To distract himself, he picked up from his desk the day’s mail (which Steve Mittel had brought up), went through it one by one but without much heart.
Grandma wrote: “Beta — dear — May God grant you good health, wealth, happiness, etc. I am well and happy here, thanks be to God, don’t worry about me. I am overjoyed that you have started writing regularly again.…The rumours are true that a few people have been taken away at night; but only those doing illegal things …”
Preventive detentions without trial had recently gone up, back home, for all sorts of reasons. You could be kept in a secret prison or exiled to a remote highland region.
With Grandma’s letter came one from a couple of African tailors who were their neighbours back home. A few weeks ago Ramji thought suddenly of writing to them. This was their reply. They were thrilled at his letter, “danced with joy” at his success in America, from where they were certain he would return “a big man.”
And one from Lyris: A group photo taken at the Divine Anand Mission in January, and a Guru Maharaj-ji flyer — “Who is Guru Maharaj-ji? Come and find out” — with her phone number scrawled on it.
He got up, opened the door quietly, looked outside. The corridor was clear; the only sound came from the radios in the open rooms of the night-beavers toiling away, separately lost in their world of tangled hairy formulae. At such a time he might have strolled up to Ebrahim’s room for a small chat and a glass of sweet black tea; but not tonight, there would be too many questions.

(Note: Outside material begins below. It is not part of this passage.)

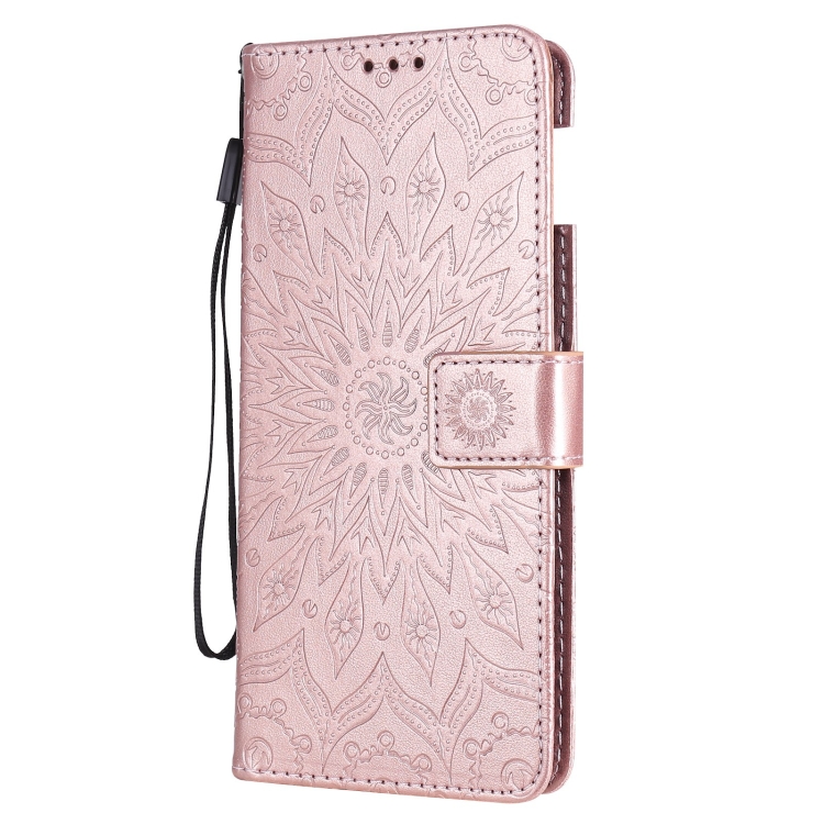 Para Google Pixel 6 Sun Pattern Horizontal Flip Funda de cuero con ranura para tarjeta y soporte y cartera y cordón (oro rosa)

He lay down on the floor next to the bed and tried to sleep.
The next day, Friday, he spent between his classes, the libraries, and the coffee house, avoiding his room as if it were infected. He had brought up the Times and the Globe for Lucy-Anne, but perhaps earned a curious look or two in the process: who had heard of Ramji going down specifically to buy a paper, let alone two papers, first thing in the morning? He shouldn’t have done it. Pray Saturday came without a hitch and she went off to the woods of Canada and he could forget about her.
Friday at six, Ramji returned, prepared to go to the mosque. It had become more a social occasion now, this little private prayer meeting they had begun two years ago. Its location had changed from the music library to two attached seminar rooms above it on the next floor. The Friday mosque was where you went to be with people who seemed familiar, even if you’d never met them before, whom you could trust more or less unconditionally. Hopefully some family people would bring home-cooked samosas or kebabs, if not more. And later some of them would go to a movie if there was anything worthwhile. And hopefully too that new girl from Smith College would return — a homestyle East African beauty in a miniskirt, a rare thing. She had come for the first time last week and sent the guys’ blood racing.

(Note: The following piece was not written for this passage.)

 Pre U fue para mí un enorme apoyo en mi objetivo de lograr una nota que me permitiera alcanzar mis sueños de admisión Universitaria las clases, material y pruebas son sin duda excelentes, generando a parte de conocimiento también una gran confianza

He glanced at Lucy-Anne. She was sitting on the bed, back against the wall, flipping through a book. They had not talked much since he came. He sensed she was keeping out o
f his way — or simply acting hurt because he had avoided her again all day. She was not in her tart’s disguise, and she’d confirmed that she had stayed inside all day. The YAPs were not around, which was a relief; perhaps they were convinced she was only a pickup after all.
“Would you like to go to Friday night mosque with me?” he asked. She raised an eyebrow, and he explained, “It’s not far — in the Humanities building. It’s more a social event, though non-members wait in the outer room during prayers. Very informal.”
She should be unrecognizable in the wig, he thought. His concern for her at the same time aroused a sense of dread in him, a quaking in the pit of his stomach. Am I getting in deeper … abetting a bombing suspect … and perhaps not only a suspect — if she is innocent, why run away to Canada and not stay to defend herself?
“I’d love to,” she said brightly and began to get ready.
“Go easy on the makeup, though,” he said, and they exchanged a smile.
They left by the side entrance and, hurrying past the main doorway, saw Shawn and Kate absorbed in a discussion outside while apparently waiting for someone. Kate was gesticulating. They called out brief hi’s, not to draw undue attention, and walked on towards the Humanities building.